Bernie Sanders, though not present at the meeting yesterday, declared Sunday: “I don’t think there’s anybody who disagrees that we need strong border security. If the president wants to work with us to make sure we have strong border security, let’s do that.”

Judging by the servile approach taken by the Democrats to Trump’s immigration program, one would have little idea that the Democrats are waging a daily press campaign to denounce Trump as a crazy idiot subject to removal under the 25th amendment. But such attacks are limited to when Trump’s conduct toward Russia is in question. When it comes to the mass deportation of hundreds of thousands of immigrants, the Democrats and Trump are in basic agreement. Toward the end of 2017, the Democrats voted two-to-one against considering articles to impeach Trump, in part, over his anti-immigrant campaign.

Increased “border security,” upon which both parties agree, means more drones, more agents, more barbed wire, more motion sensors, more floodlights, more barriers, more deportations, and more deaths in the US-Mexico borderlands.

Up to 27,000 people have died since 1994, when the Democratic Party administration of Bill Clinton implemented Operation Hold the Line and Operation Gatekeeper, militarizing the borders in El Paso and San Diego, respectively, and forcing immigrants to cross in the inhospitable deserts of the American southwest.

As for Trump’s attacks on “chain migration,” which none of the Democrats verbally opposed, these are working-class families who petition for husbands, wives, and relatives to enter the United States to unify their families and protect their loved ones from persecution at the hands of drug gangs and corrupt governments and police backed by US imperialism.

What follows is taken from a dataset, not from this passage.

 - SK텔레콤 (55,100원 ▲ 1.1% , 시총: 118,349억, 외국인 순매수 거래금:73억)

The alternative, a so-called “merit-based” approach, means standardizing class-based discrimination and barring immigration to those without advanced degrees or white-collar employment contracts.

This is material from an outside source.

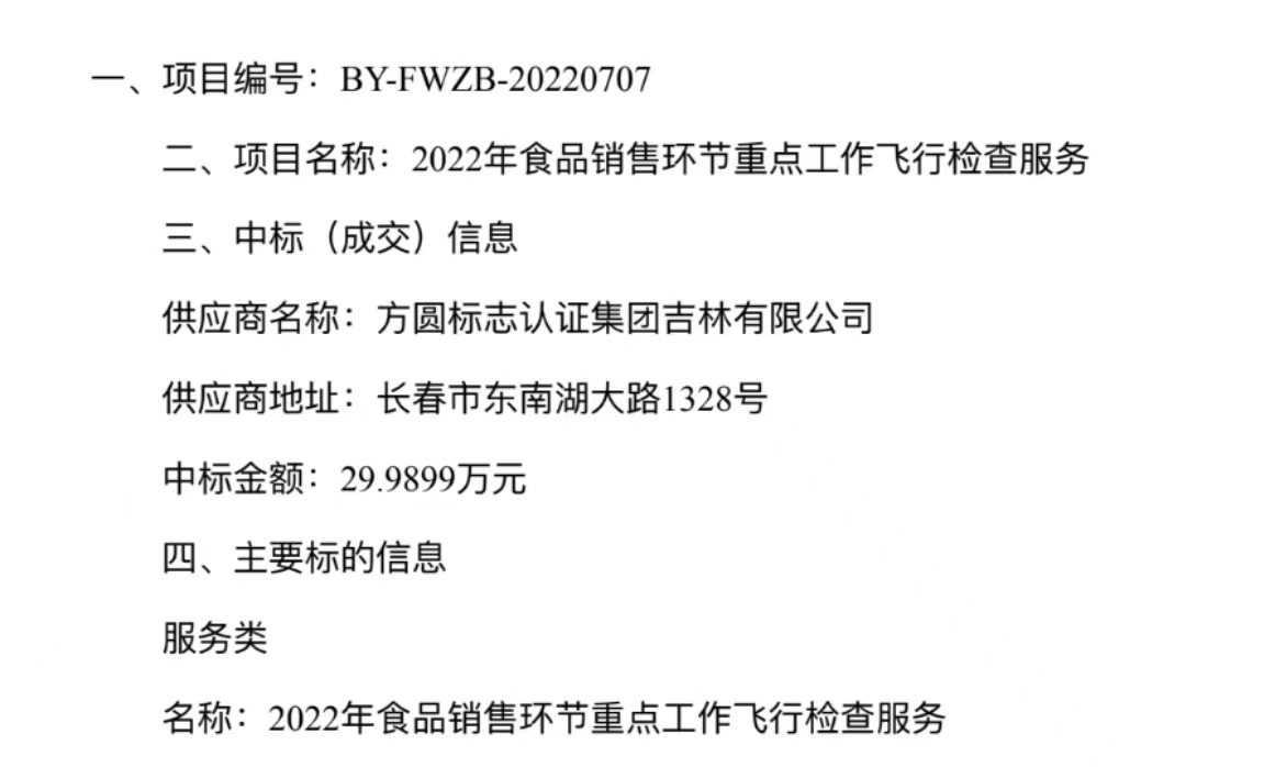 方圓吉林公司服務吉林省市場監督管理廳2022年食品檢查項目

On the question of a border wall, Trump spoke some truth when he referred to the 2006 bipartisan Secure Fence Act, saying, “We also—as you know, it was passed in 2006—an essentially similar thing, which—a fence, a very substantial fence was passed. But, unfortunately, I don’t know, they never got it done. But they need it.”

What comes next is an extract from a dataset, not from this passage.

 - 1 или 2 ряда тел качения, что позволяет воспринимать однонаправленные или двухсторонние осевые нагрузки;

Indeed, included among those who supported this bill to build a wall along the border were Senators Barack Obama, Hillary Clinton, Chuck Schumer, Joe Biden, Dianne Feinstein, and Barbara Boxer. Each is responsible for the lives of countless immigrants who have died attempting to escape poverty and violence in search of a better life. Today, the Democrats posture as opposed to a border wall in an effort to save face in front of a growing section of the Latino voting population.

Negotiations will continue through the week before the January 19 deadline for extending funding for the federal government. March 5 is the date the DACA recipients will be unable to reapply for the program. At the moment, it appears likely some type of deal will be reached on extending protections for DACA in order to provide Democrats with a fig leaf for the 2018 midterm elections.

The trade-offs Democrats will make to secure DACA protection will be disastrous for the estimated 12 million undocumented people living in the United States, as well as for the family members of legal immigrants in their devastated home countries across Latin America, the Middle East, Africa, and Asia desperately seeking a way out of conditions of war, poverty and persecution.

An element of the negotiations is to split the immigrant populations against one another in an effort to block the development of a movement against deportations involving broader sections of the working class, both immigrant and US-born.

The Socialist Equality Party rejects the framework of this bipartisan bargain, in which 800,000 DACA recipients are treated like a bargaining chip to be traded away at the expense of Salvadoran TPS recipients, travelers and refugees affected by Trump’s “Travel Ban 3.0,” or those future immigrants forced to travel through the desert. All immigrants have a right to travel freely throughout the world without fear of deportation or harassment.